## REQUIREMENT
Using the listing below, copy exactly the lines from the one containing "When I created" to the one containing "Fondo con parrillero techado.", both lines included, and no others.

## DATA FOR REVIEW
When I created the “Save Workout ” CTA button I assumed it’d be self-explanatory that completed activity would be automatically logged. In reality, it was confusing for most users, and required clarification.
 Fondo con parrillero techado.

...

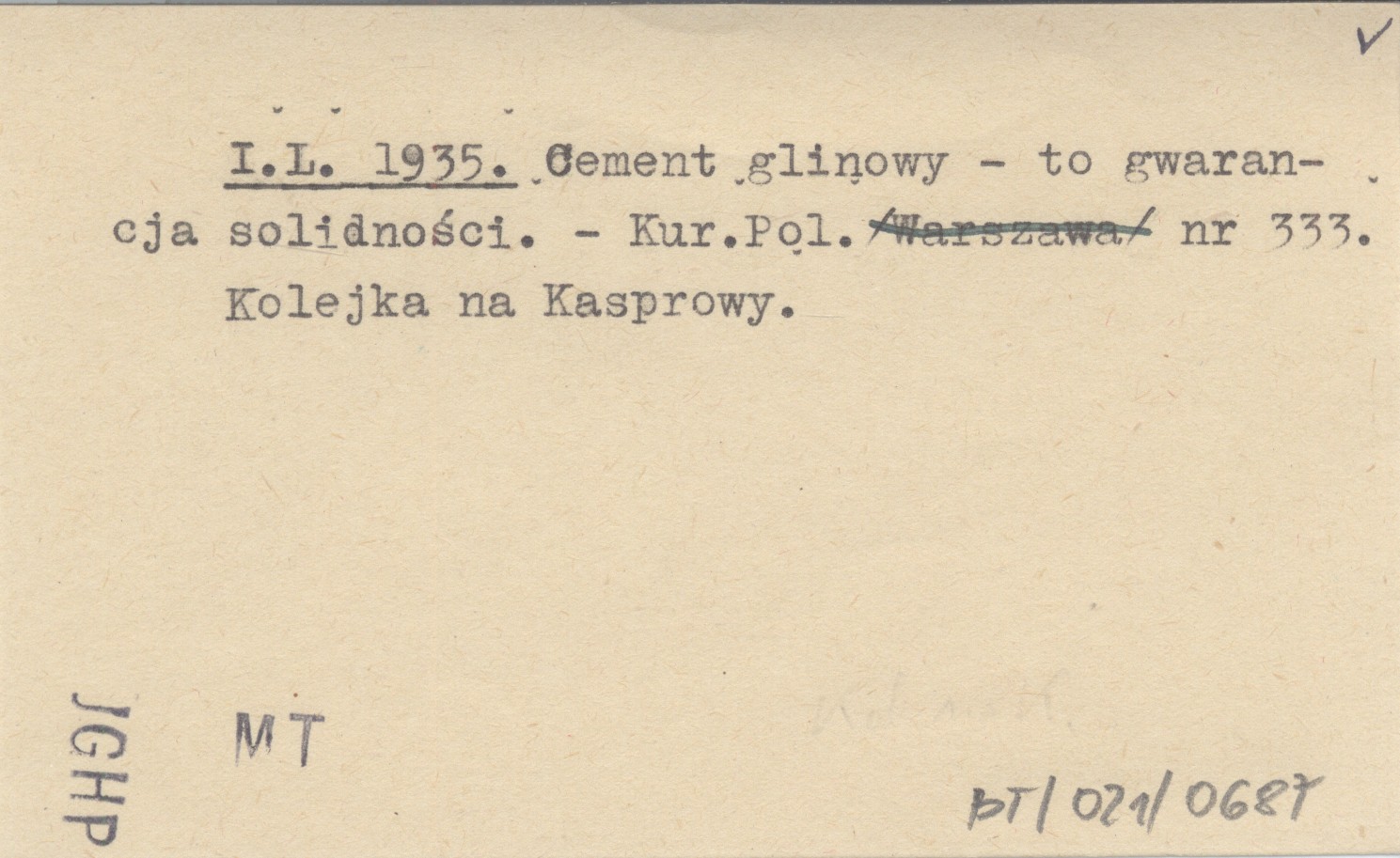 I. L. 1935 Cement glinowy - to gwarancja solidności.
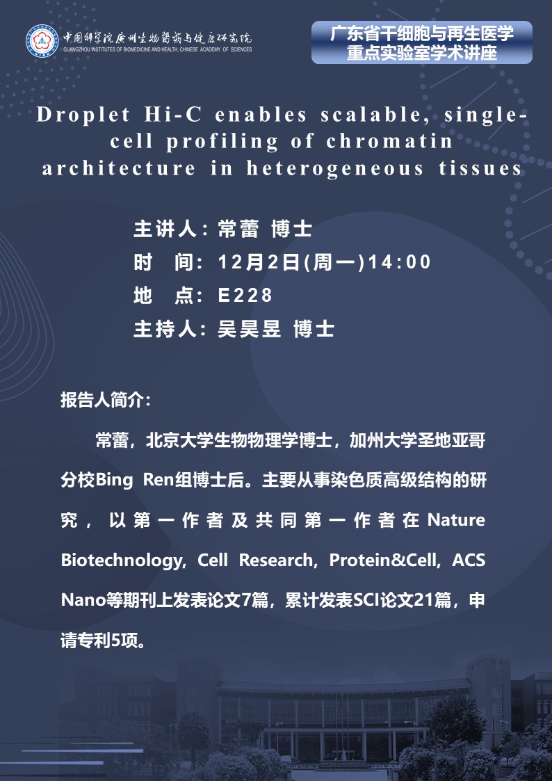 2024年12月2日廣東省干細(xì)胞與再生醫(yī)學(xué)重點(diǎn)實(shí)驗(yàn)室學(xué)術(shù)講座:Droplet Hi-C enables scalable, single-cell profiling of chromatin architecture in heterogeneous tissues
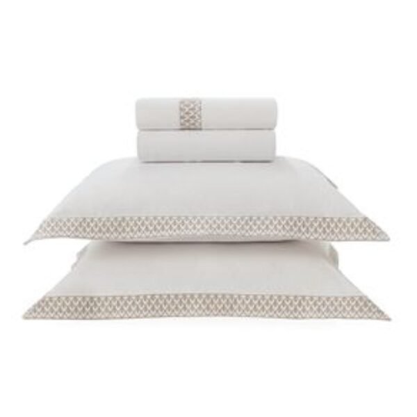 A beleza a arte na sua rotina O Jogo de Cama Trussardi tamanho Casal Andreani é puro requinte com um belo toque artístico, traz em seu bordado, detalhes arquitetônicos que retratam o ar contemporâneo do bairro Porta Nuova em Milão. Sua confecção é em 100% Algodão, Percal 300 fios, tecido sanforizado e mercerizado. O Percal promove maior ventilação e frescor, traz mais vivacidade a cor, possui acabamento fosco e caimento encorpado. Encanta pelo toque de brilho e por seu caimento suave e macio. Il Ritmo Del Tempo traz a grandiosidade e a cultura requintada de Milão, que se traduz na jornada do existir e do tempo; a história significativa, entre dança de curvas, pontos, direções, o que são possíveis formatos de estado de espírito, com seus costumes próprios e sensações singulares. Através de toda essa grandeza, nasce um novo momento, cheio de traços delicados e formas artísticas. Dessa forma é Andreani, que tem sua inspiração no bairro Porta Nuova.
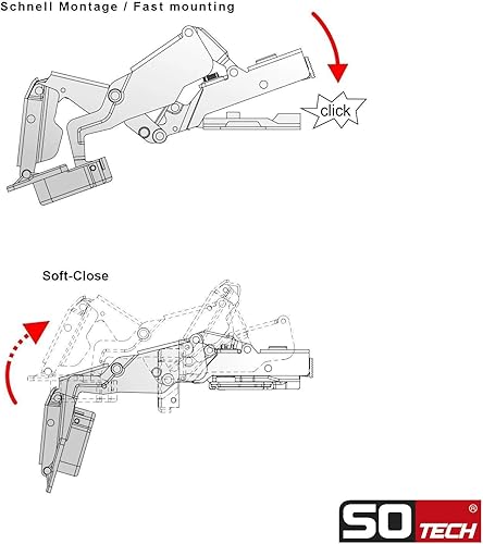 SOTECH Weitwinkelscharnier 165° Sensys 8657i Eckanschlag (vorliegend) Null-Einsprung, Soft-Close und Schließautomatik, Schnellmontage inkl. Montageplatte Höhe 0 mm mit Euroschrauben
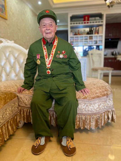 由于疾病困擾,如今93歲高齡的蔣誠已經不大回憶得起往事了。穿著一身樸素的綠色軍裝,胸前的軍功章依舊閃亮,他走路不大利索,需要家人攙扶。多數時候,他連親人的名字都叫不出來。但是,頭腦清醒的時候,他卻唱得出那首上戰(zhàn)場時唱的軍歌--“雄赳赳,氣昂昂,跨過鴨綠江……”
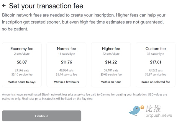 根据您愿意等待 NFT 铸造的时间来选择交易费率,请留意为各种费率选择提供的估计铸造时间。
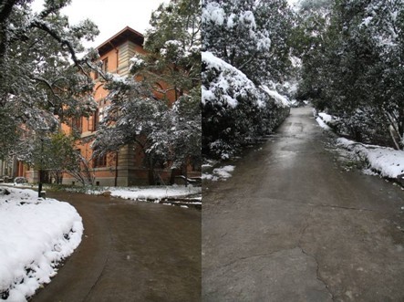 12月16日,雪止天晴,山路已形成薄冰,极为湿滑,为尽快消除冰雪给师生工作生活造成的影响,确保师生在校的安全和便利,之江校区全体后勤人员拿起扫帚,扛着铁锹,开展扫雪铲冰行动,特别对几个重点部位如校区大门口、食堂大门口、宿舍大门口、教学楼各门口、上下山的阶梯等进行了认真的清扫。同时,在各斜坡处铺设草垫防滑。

## OUTPUT
When I created the “Save Workout ” CTA button I assumed it’d be self-explanatory that completed activity would be automatically logged. In reality, it was confusing for most users, and required clarification.
 Fondo con parrillero techado.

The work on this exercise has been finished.